Wondering about this I poked around with google some and found a very interesting interview of Dr Cordain: interview.
This interview is linked from this page which also has interesting information (links to some of the studies he mentions).
In short, high saturated fat diets will cause a buildup of arterial plaque. This isn't necessarily dangerous on it's own. Where it does become dangerous is when food such as grains are introduced as this can greatly weaken the plaque.
Here's my take:
Regardless of the other foods that are still in the diet, I'd pretty much always choose whichever fats and oils are more naturally occurring than not. That said, I'd ALWAYS choose butter over vegetable oil, lard over canola, and coconut oil over corn oil. Those tend to all be saturated but the idea that saturated fats are "bad" or unhealthy is really a misnomer. They're actually quite a bit healthier than unsaturated fats (when they're good sources, this doesn't mean trans-fats) since they don't oxidize as easily and have a better chance of being properly utilized in your body and not cause oxidative damage within. Remember, even saturated fats are not 100% saturated- they're going to be possibly 50% saturated and the rest are a mix of UNsaturated fats.

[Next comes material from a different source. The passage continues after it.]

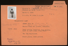 | Description: | Mended from two pieces; complete. Long nozzle; vertical loop handle; knob on left side; ring foot. The top depressed. Wheel made A. Black glaze; much peeled. Type XII (late straight variety) of Corinth collection, type 35A of Agora collection. | |
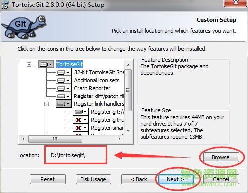 1.在绿色资源网下载tortoisegit,压缩包中包含了32位和64位两种,请根据操作系统位数选择,并且已附带了中文语言包

Check out my post on fats & oils here: http://www.balancedbites.com/2010/07/fats-which-to-eat-and-which-to-ditch.html
If your family is at a point where ADDING good foods is easier than removing the bad ones, getting them to supplement with fish oil will help some of the negative omega 6 fat intake from the grains, though it won't help heal their guts. This can be a sticking point for most people- maybe getting them to move to gluten-free grains can be step 1, then so on.
If you want/need more help, I'm always around :)
Someone with a better grasp on the science could be really helpful for this question. My personal curiosity is about how long the inflammation lasts after the occassional wheat meal.
From a practical standpoint, if you are forced to eat carbs in a meal (like with your family), I avoid eating saturated fats with that meal. If I'm eating pasta or rice, I'l end up eating lean ground beef or chicken breasts or fish. If there is no extra carbs, I won't shy away from eating fattier cuts of beef or chicken thighs. While there may be no science backing up this strategy, it keeps you mindful of your eating habits. I started eating Primally around the start of the year and it was over the last few months that I slipped off the wagon. I was still primarily primal but my schedule and fatigue and lack of funds pushed me to more of a 65/70 percent ratio of primal eating. I was eating, and especially drinking, a lot more carbs and, for me, the biggest reason for that slip was being less mindful of my eating habits. "I'm hungry, let's eat!" and then you make a bad decision because everyone wants to go to Panera. If you keep thinking about, "Can I eat saturated fats today or am I looking at pasta for dinner tonight?" then you're going to make better decisions more often than not.
I suspect fat plus carb can easily lead to weight gain. If it doesn't, then it may not be a big deal. I'd just try to eat the more healthy fats and limit the less healthy carbs. Like you could ditch wheat and gluten and have the family eat the safer carbs like tubers and rice. Rice noodles are quite yummy and might serve as a good substitute for wheat noodles. They are easy to find as they are quite popular in asian dishes. Then just have them cut back in general on the carbs and cut out the really crap carbs like chips, cake, candy, etc.
I would think that increasing fat would decrease grains. That is assuming that the average caloric intake stays the same. Europeans are known for taking bread or toast and completely slathering it with butter or lard.
One of the groups Weston A. Price studied in nutrition and physical degeneration ate rye bread as well as many fatty dairy products. They still had pretty good health I believe. I would add fat even if you are still eating grains. You'll get fat soluble nutrients and you can gradually start replacing some of the calories from grains.